** Data segment follows **
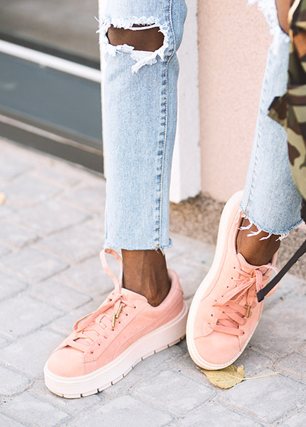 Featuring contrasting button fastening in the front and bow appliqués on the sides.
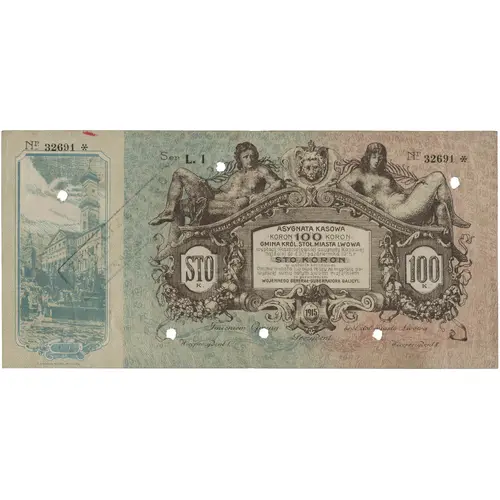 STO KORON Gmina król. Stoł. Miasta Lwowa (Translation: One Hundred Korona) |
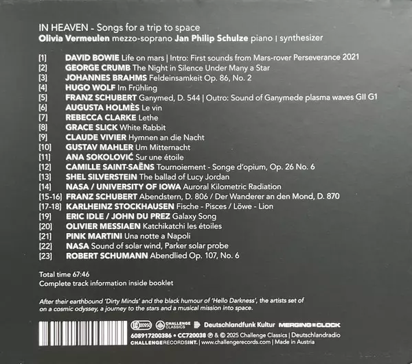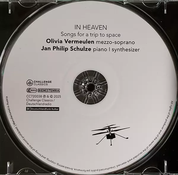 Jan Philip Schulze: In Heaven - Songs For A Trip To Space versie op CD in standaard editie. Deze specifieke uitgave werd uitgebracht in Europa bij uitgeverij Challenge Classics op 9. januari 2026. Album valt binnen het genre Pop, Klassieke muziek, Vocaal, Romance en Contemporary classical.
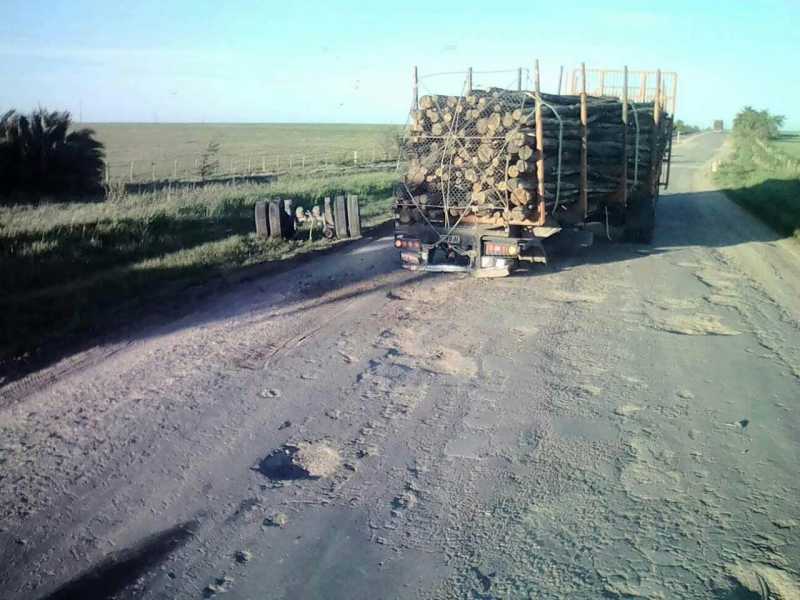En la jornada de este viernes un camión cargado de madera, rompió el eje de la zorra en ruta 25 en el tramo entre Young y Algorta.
** End of Data segment **
Instructions to follow
Take the whole listing above and copy it exactly. Pictures do not go into the copy.

Task solution
 Featuring contrasting button fastening in the front and bow appliqués on the sides.
 STO KORON Gmina król. Stoł. Miasta Lwowa (Translation: One Hundred Korona) |
 Jan Philip Schulze: In Heaven - Songs For A Trip To Space versie op CD in standaard editie. Deze specifieke uitgave werd uitgebracht in Europa bij uitgeverij Challenge Classics op 9. januari 2026. Album valt binnen het genre Pop, Klassieke muziek, Vocaal, Romance en Contemporary classical.
En la jornada de este viernes un camión cargado de madera, rompió el eje de la zorra en ruta 25 en el tramo entre Young y Algorta.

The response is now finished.